God bless Mommy and Grandpa, and God bless Daddy in heaven. Emily prayed the same prayer each night. And last night, she’d added, God bless Coburn.
Hearing him emerge from the bathroom, Honor hastily wiped the tears off her cheeks and turned back into the room. He had dressed in the cut-off khakis and the oversized T-shirt he’d pilfered from the chest of drawers. He was barefoot. And he must have found a razor because he had shaved.
He looked up at the extinguished ceiling light, then over at the lamp on the bedside table, before coming back to her. “Why are you crying?”
“I miss Emily.”
He raised his chin in acknowledgment. He glanced at the food items. “Did you eat anything?”
She shook her head.
“How come?”
“I’m not hungry.”
“Why are you crying?” he asked again.
“I’m not. Not anymore.” But even as she said it, fresh tears slid down her cheeks.

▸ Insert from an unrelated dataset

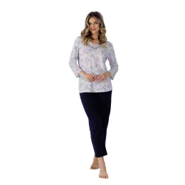 Dámské pyžamo s rukávy o délce 7/8, vzorované, s výstřihem. 7/8 dlouhé pevné kalhoty jako doplněk soupravy.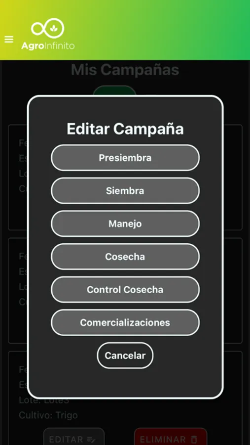 Guarda la trazabilidad de cada etapa de la campaña, desde las labores de presiembra hasta cosecha, logística, comercialización y control de stock. Genera reportes, estadísticas, calcula el margen bruto pre y post campaña y gestiona tu agenda de contactos.

“Why’d you risk your life?”
“What?”
“Why’d you leave the garage on foot? Why were you coming toward the train?”
“I told you. I just… I… I don’t know.” The last three words rode out on a sob.
He started walking toward her. “Why are you crying, Honor?”
“I don’t know. I don’t know.” When he reached her, she said once again in a hoarse whisper, “I don’t know.”
For what seemed like the longest time, he did nothing except stare deeply into her tearful eyes. Then he raised his hands to either side of her face, slid his fingers up through her damp hair, and cupped her head. “Yeah you do.”
Angling his head, he kissed her as passionately as he had the night before, but this time she didn’t fight the sensations it evoked. She couldn’t have even if she had wanted to. They were explosive, consuming, and she gave herself over to them.
The stroking of his tongue, the mastery of his lips, even the placement of his large hands when they moved to her hips and drew her up against him made the kiss intensely sensual and caused dark and seductive curls of arousal deep within her lower body. And when he growled against her lips, “Are you gonna stop?” she shook her head and drew him back to continue the kiss.
He lifted the hem of her T-shirt and worked it up her torso, then unhooked her bra and took her breasts in his hands. Honor whimpered with pleasure at the light tugging of his fingertips and gasped his name when he bent his head and closed his mouth around her nipple.